Study hypothesis: In a model of near-fatal hemorrhage that incorporates a vascular injury, stepwise increases in blood pressure associated with aggressive crystalloid resuscitation will result in increased hemorrhage volume and mortality.

Design: This study used a swine model of potentially lethal hemorrhage in the presence of a vascular lesion to compare the effects of resuscitation with mean arterial pressures of 40, 60, and 80 mm Hg. Twenty-seven fully instrumented immature swine (14.8 to 20 kg), each with a surgical-steel aortotomy wire in place, were bled continuously from a femoral artery catheter to a mean arterial pressure of 30 mm Hg. At that point the aortotomy wire was pulled, producing a 4-mm aortic tear and uncontrolled intraperitoneal hemorrhage. When the animal's pulse pressure reached 5 mm Hg, the femoral artery hemorrhage was discontinued and resuscitation was begun.

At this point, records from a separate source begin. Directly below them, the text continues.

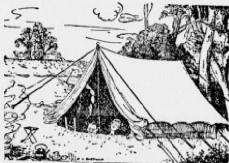
Navada je navada! Ljudje, ki imajo v mestu kletno stanovanje, so si čez nedeljo postavili šotor na izletu.

»Da, grof ima en milijon Samo tega ne vem, ali premoženja ali dolgov.«
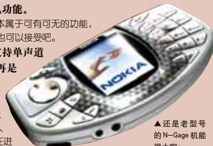
▲ 还是老型号的N-Gage机能强大啊!

这个缩水就比较麻烦了,以后N-Gage QD与电脑互传文件还必须给电脑配一块蓝牙适配器才行(目前国内市场上较便宜的蓝牙适配器也要200元左右),而蓝牙的传输速度也达不到USB的传输速度,所以取消USB接口会给人带来很大不便。
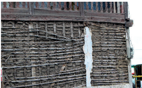
5. Provincia Tungurahua. Cantón Mocha. Sector El Rey S 1°24'44,27" W 78°39'3,33"
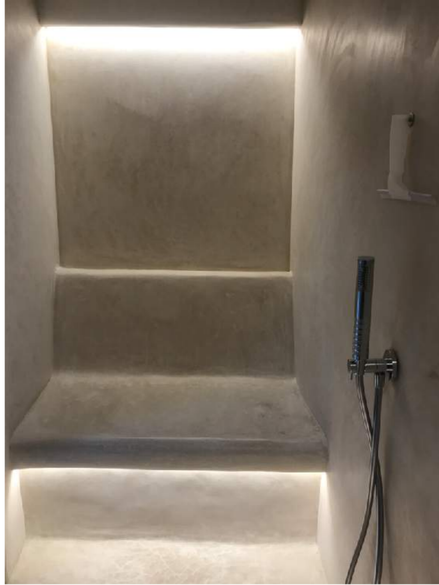
DETTAGLIO BAGNO TURCO IN TADELAKT
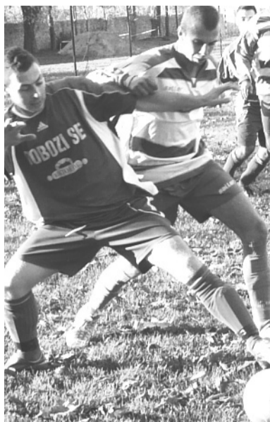
Nagyszerű csel hazai pályán

A megyei II. osztályban játszó Dobozi SE októberi-novemberi mérkőzéseinek eredményei:
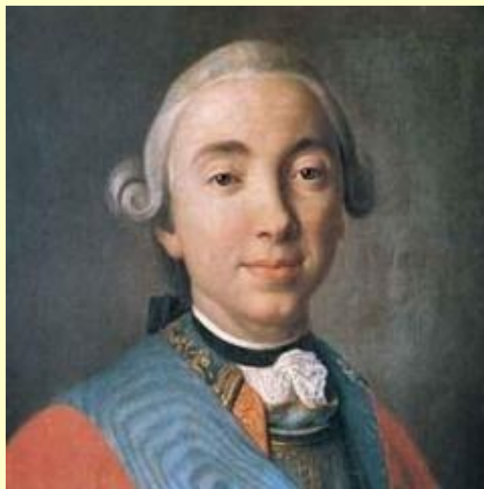
Петр III Федорович

К числу важнейших дел этого императора (императрицы) можно отнести: упразднение Тайной канцелярии, секуляризацию церковных земель, создания Госбанка, указ, по которому за убийство крепостных предусматривалась пожизненная ссылка. Издан Манифест о вольности дворянства. Прекратились военные действия против Пруссии.
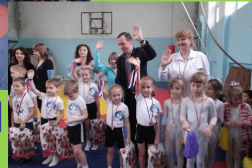
Награждение участников Олимпиады
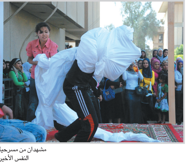
مشاهدان من مسرحية النفس الأخير
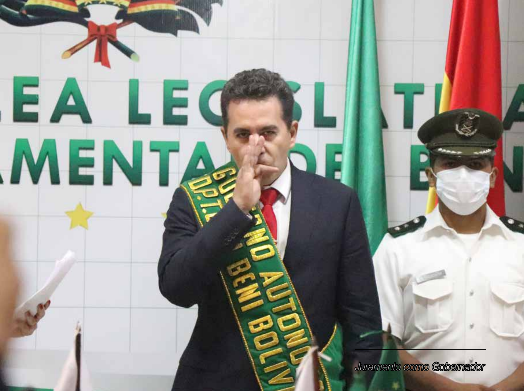
Juramento como Gobernador

Recibe el GALARDÓN GENTE DE AMÉRICA A LA VOCACIÓN DE SERVICIO, por su labor altruista, que le permitió ser premiado por Dios y ser elegido como la primera autoridad política de su Beni amado
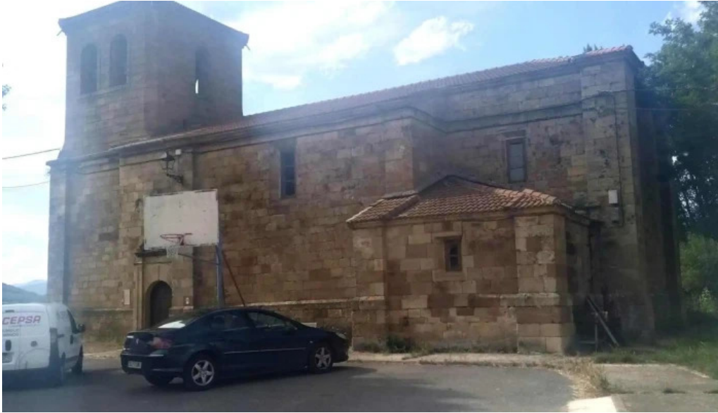
Iglesia de san martin de tours puntaje
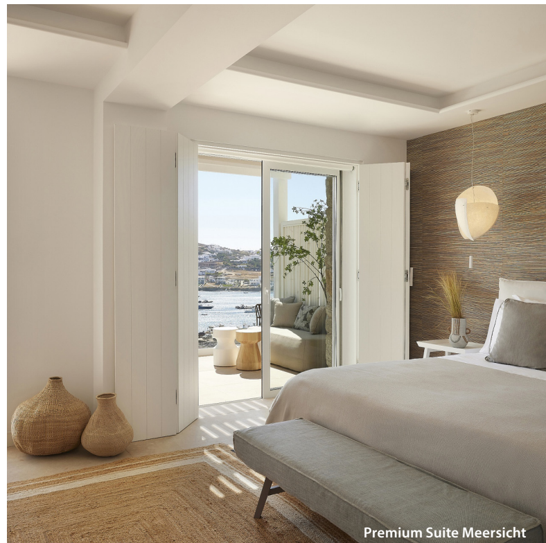
Premium Suite Meersicht

Gegen Gebühr: Massagen: Klassische Massage; Wellness- & Beautyanwendungen; Kosmetische Gesichtsbearbeitungen. Fahrrad und E-Bike Verleih.
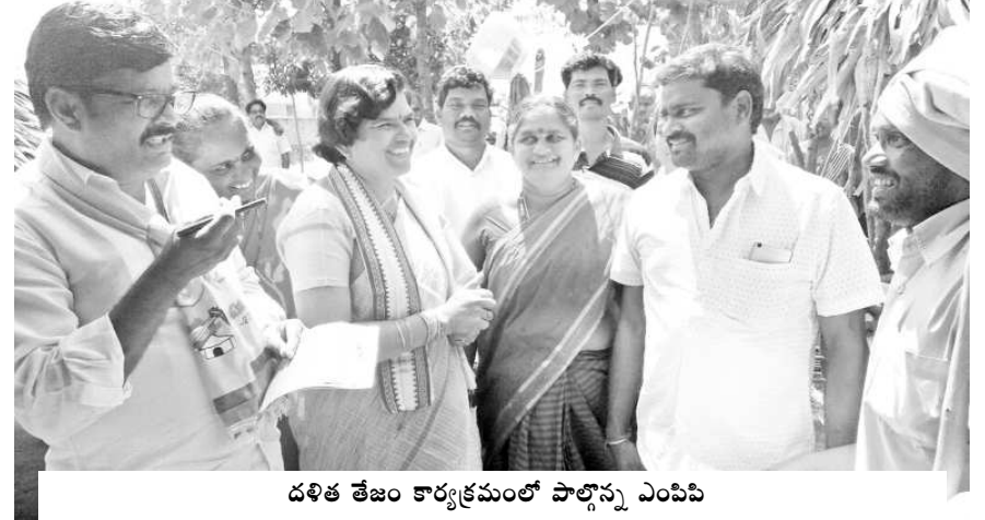
దళిత తేజం కార్యక్రమంలో పాల్గొన్న ఎంపీపీ

నర్సపట్నం : నర్సపట్నం మండలం నీలంపేట గ్రామంలో చంద్రన్న దళిత తేజం కార్యక్రమాన్ని నిర్వహించారు. ఈ సందర్భంగా దళిత వాడల్లో తిరుగుతూ వారి సమస్యలను తెలుసుకున్నారు. ఈ సందర్భంగా ఎంపీపీ మాట్లాడుతూ దళితుల సమస్యలు, అవసరాలను తెలుసుకొని వాటిని తీర్చేందుకే ఈ కార్యక్రమం ఉద్దేశ్యమన్నారు. ఈ కార్యక్రమంలో మండలం నీలంపేట గ్రామంలో చంద్రన్న దళిత తేజం కార్యక్రమాన్ని నిర్వహించారు. ఈ సందర్భంగా దళిత వాడల్లో తిరుగుతూ వారి సమస్యలను తెలుసుకున్నారు. ఈ సందర్భంగా ఎంపీపీ మాట్లాడుతూ దళితుల సమస్యలు, అవసరాలను తెలుసుకొని వాటిని తీర్చేందుకే ఈ కార్యక్రమం ఉద్దేశ్యమన్నారు.
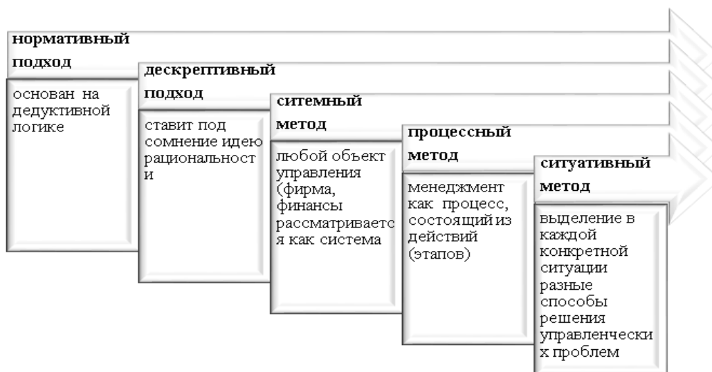
Рисунок 1. Подходы и методы к разработке управленческих решений

Мезенцева О.Е. [3, с. 59] отмечает основные подходы и методы к принятию управленческих решений, которые представлены на рисунке 1.

Interventions: Saline infusion was begun at 6 mL/kg/min and continued as needed to maintain the following desired endpoints: group 1 (nine) to a mean arterial pressure of 40 mm Hg, group 2 (nine) to a mean arterial pressure of 60 mm Hg, and group 3 (nine) to a mean arterial pressure of 80 mm Hg. After 30 minutes or a total saline infusion of 90 mL/kg, the resuscitation fluid was changed to shed blood infused at 2 mL/kg/min as needed to maintain the desired mean arterial pressure or to a maximum volume of 24 mL/kg. Animals were observed for 60 minutes or until death.

Measurements and main results: Data were compared using repeated-measures analysis of variance with a post hoc Tukey-Kramer, Fisher's exact test, and Kruskal-Wallis. Mortality was significantly greater in group 3 (78%) compared with either group 1 (11%; P = .008) or group 2 (22%; P = .028). Mean survival times were significantly shorter in group 3 (44 +/- 12 minutes) compared with either group 1 (58 +/- 6 minutes; P = .007) or group 2 (59 +/- 3 minutes; P = .006). The average intraperitoneal hemorrhage volumes were 13 +/- 14 mL/kg, 20 +/- 25 mL/kg, and 46 +/- 11 mL/kg for groups 1, 2, and 3, respectively (group 1 versus 2, P = .425; group 1 versus 3, P < .001; group 2 versus 3, P = .014). Group 2 animals demonstrated significantly greater oxygen deliveries compared with groups 1 and 3.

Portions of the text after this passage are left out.